Thursday, November 6, 2014

Corporations Are Not Humans : Not Even Close---Episode 66



                               AGENDUM FOR CHANGE 
                                            (continued) 

    EQUITABLE ALLOCATION OF PAID EMPLOYMENT 

Access to opportunities for paid employment should also be allocated as fairly as possible through measures to reduce the work week and assure equal employment opportunity regardless of gender, race, and other extraneous considerations.

Such measures can be phased in over time and adjusted to reflect experience. The idea here is not to provide a prescriptive blueprint but rather to illustrate the kinds of policies that would lead us to healthier societies. Different approaches will surely be appropriate in different settings, and the administration and findings of such initiatives should be undertaken by the smallest and most local governance units as possible. For example, in predominantly agrarian societies with equitable land distribution, a very small guaranteed minimum income might be adequate. The same might be true in stable egalitarian societies in which living costs are low and there are ample employment opportunities for all who wish to work. A guaranteed income is probably most necessary to correct imbalances in societies such as the United States, where living costs are high, there is extreme inequality,and jobs paying a wage adequate to maintain a decent living are scarce. 

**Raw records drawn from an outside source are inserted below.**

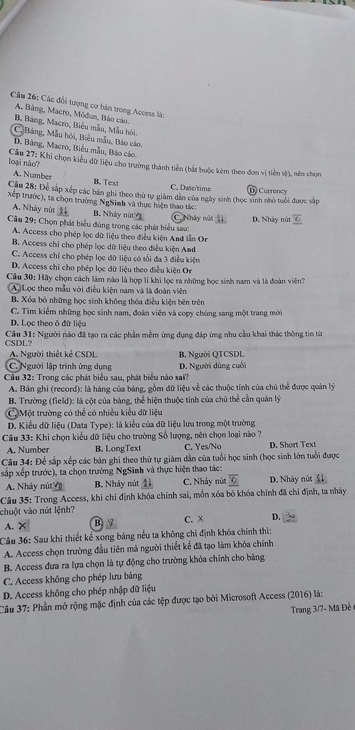 Câu 26: Các đôi tượng cơ bản trong Access là:
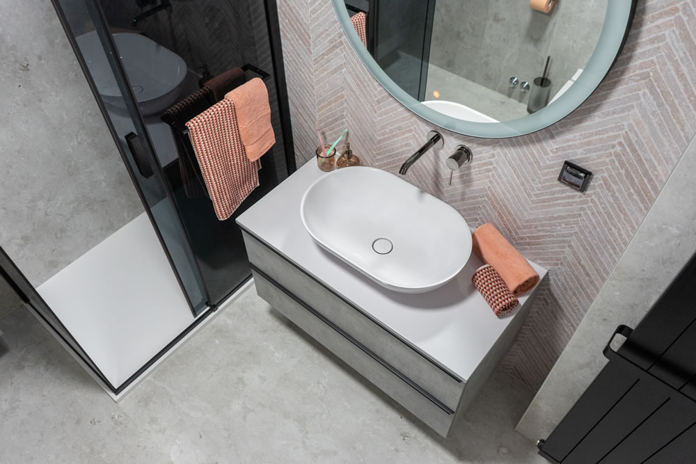 Od četiri moderna umivaonika koji se mogu smjestiti na baze iz linije Grande TOP, investitori su odabrali nadgradni bijeli umivaonik ovalnog oblika iz linije TITAN Long round. Ploča baze također je u bijeloj boji, a izrađena je od lijevanog mramora, materijala koji se odlikuje iznimnom čvrstoćom, otporan je na habanje, postojan na vodu i vlagu te slovi kao dugovječan. Ormarić ispod umivaonika izrađen je od iverala koji se kantira naprednom tehnologijom (ABS traka) zbog čega nema opasnosti od ulaska vlage. Ladice imaju dekor betona i crne ručke koje su istodobno neupadljive, ali i zgodan detalj koji zaokružuje čitav dizajn ormarića.
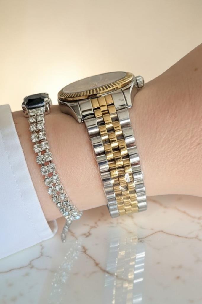 Saatle birlikte gönderilen şık bileklik hediyesi, ürüne estetik bir tamamlayıcı dokunuş katar. Set halinde sunulan bu model, özellikle hediye etmek için tercih edilen şık bir seçenektir. Saat ve bileklik birlikte kullanıldığında uyumlu ve zarif bir aksesuar kombinasyonu oluşturur.
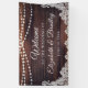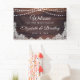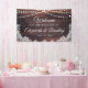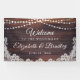 Welcome guests to a wedding (or other wedding event like reception, bridal shower, couple shower, etc. since all text is editable ) with this banner sign featuring rustic wood, string lights and white lace for a country, barn, vintage or outdoor wedding. Contact the designer via Zazzle Chat or makeitaboutyoustore@gmail.com if you'd like this design modified, on another product or coordinating items.
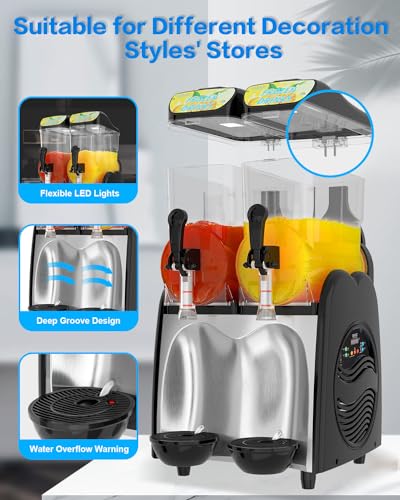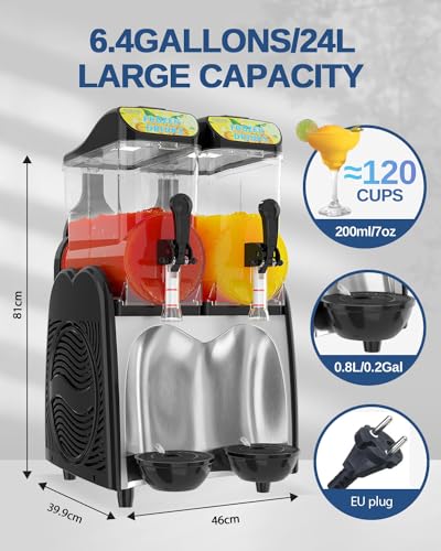 🍸【Kommerzielle Standards】🍸 – Mit einem Fassungsvermögen von 3,2*2 Gal serviert die Slush-Maschine etwa 58 Tassen (7oz/Tasse) köstliche Slushies und gefrorene Getränke für eine Party. Die 500W-Hochleistungsmaschine für gefrorene Getränke und der Mixer arbeiten schnell und effizient, um eine wünschenswerte Textur für gefrorene Getränke herzustellen. Die konstante Temperatur von 14°F~50°F ermöglicht die Zubereitung einer Vielzahl von alkoholischen und nicht-alkoholischen Getränken. Diese Margarita-Maschine ist perfekt für zu Hause, Geschäft, Bars usw.
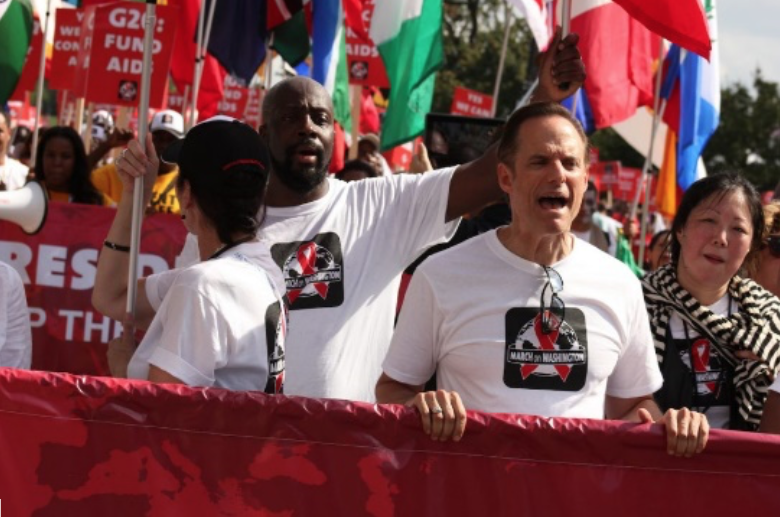 But the main funder of the Yes on 10 campaign comes from what might, to an unpracticed eye, be an unlikely source. (Photo above: Michael Weinstein, center, at an AIDS march in 2012 with comedian Margaret Cho, right, and musician Wyclef Jean, left. )

If we are to manage our economic spaces in the human interest, we will need accounting tools suited to this purpose. Sixto Roxas, an economist and former international bank executive from the Philippines, explains that conventional national income accounts do not meet this need, because they measure the costs and benefits of economic activity from the standpoint of the firm, not the community. The differences are fundamental. For example, the firm profits by employing the least possible number of workers at the lowest possible wage. The community profits by having its members fully employed at the highest possible wage. The firm may profit by depleting a local forest or mineral resource and then moving elsewhere, while the community is left devastated.
   Roxas and his colleagues are developing community-based accounting systems that assess economic costs and benefits in terms of their consequences for the health of households, communities, and ecosystems. They also record how much of the value generated from local economic activity remains in the community and how much flows out. Thus, if local forests are being clear-cut and the timber and profits are being exported while the community is left with a barren landscape, this shows up as a net loss rather than the net gain recorded by conventional economic accounting. Significant attention is needed to developing and applying such systems as economic management tools. 

                   LOCALIZING THE GLOBAL SYSTEM 

   Transnational corporations have for decades used global institutions and international agreements to circumvent democratic processes, force open national economies, and transfer control over markets, finance, resources, and productive assets to themselves. Any agendum to reclaim economic and political spaces for people must address the need to replace this predatory system of global governance with a system that : 

* Empowers people and institutions at national and local levels to control and manage their economic resources to their own benefit ; 

* Makes it difficult for any locality to externalize its production or consumption costs beyond its borders ; and 

* Encourages cooperation among localities in the search for solutions to shared problems.

These objectives are strongly supported by the application of sound market principles. As we have already seen,to function in the public interest, markets must operate within a framework of enforceable rules that maintain the conditions of socially efficient market allocation. Otherwise productive investment is driven out by predatory speculation, cost internalizing firms are put out of business by cost externalizers, and the market becomes dominated by centrally planned corporate monopolies. It is therefore important for global institutions to support national and local governments in their efforts to implement sound market rules. Normally, such rules will favor local producers that use local resources to meet local needs and will protect local markets and resources from colonization by economic predators. At the same time, the people of a country must have the freedom to decide the extent to which they wish to integrate their national economy with the national economies of other willing partners. Whatever its level of integration, a primary obligation of the individual country to the international system is to keep its exports and imports with the rest of the world roughly in balance.